Introduction
This document provides a sample configuration of a Multiprotocol Label Switching (MPLS) Virtual Private Network (VPN) over ATM when Border Gateway Protocol (BGP) or Routing Information Protocol (RIP) is present on the customer's site.
When used with MPLS, the VPN feature allows several sites to interconnect transparently through a service provider's network. One service provider network can support several different IP VPNs. Each of these appears to its users as a private network, separate from all other networks. Within a VPN, each site can send IP packets to any other site in the same VPN.

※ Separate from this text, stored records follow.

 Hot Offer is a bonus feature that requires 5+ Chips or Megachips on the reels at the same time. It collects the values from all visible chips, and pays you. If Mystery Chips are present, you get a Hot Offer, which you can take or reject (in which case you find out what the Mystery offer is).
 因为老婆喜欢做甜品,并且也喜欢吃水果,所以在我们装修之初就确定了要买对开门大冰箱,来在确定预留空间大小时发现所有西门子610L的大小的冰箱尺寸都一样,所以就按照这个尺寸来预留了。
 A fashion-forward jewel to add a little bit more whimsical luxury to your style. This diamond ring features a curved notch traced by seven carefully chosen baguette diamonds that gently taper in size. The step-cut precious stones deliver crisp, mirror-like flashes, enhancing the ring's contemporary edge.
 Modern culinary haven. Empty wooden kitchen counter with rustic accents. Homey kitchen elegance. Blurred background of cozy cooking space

Each VPN is associated with one or more VPN routing or forwarding instances (VRFs). A VRF consists of an IP routing table, a derived Cisco express forwarding (CEF) table, and a set of interfaces that use this forwarding table.
The router maintains a separate routing and CEF table for each VRF. This prevents information being sent outside the VPN and allows the same subnet to be used in several VPNs without causing duplicate IP address problems.

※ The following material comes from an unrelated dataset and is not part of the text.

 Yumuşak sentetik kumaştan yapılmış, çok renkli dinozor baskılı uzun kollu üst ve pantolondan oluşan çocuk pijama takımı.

The router using Multiprotocol BGP (MP-BGP) distributes the VPN routing information using the MP-BGP extended communities.
For more information regarding the propagation of updates through a VPN, see the following URLs:
VPN Route Target Communities
BGP Distribution of VPN Routing Information
MPLS Forwarding
Conventions
The letters below represent the different types of routers and switches used.
P : Provider's core router
PE : Provider's edge router
CE : Customer's edge router
C : Customer's router
This diagram shows a typical configuration illustrating the conventions outlined above.
Hardware and Software Versions
This configuration was developed and tested using the software and hardware versions shown below.
P and PE routers:
Software - Cisco IOS?Software Release 12.1(3)T. Release 12.0(5)T includes the MPLS VPN feature.
Hardware - Any Cisco router from the 3600 series or higher, such as the Cisco 3660 or 7206.
C and CE routers: You can use any router that can exchange routing information with its PE router.
Network Diagram
Configuration Procedures
Enabling ip cef
Make sure that ip cef is enabled. For improved performance, use ip cef distributed (where available). Complete the following steps on the PEs after MPLS has been set up (configuring tag-switching ip on the interfaces).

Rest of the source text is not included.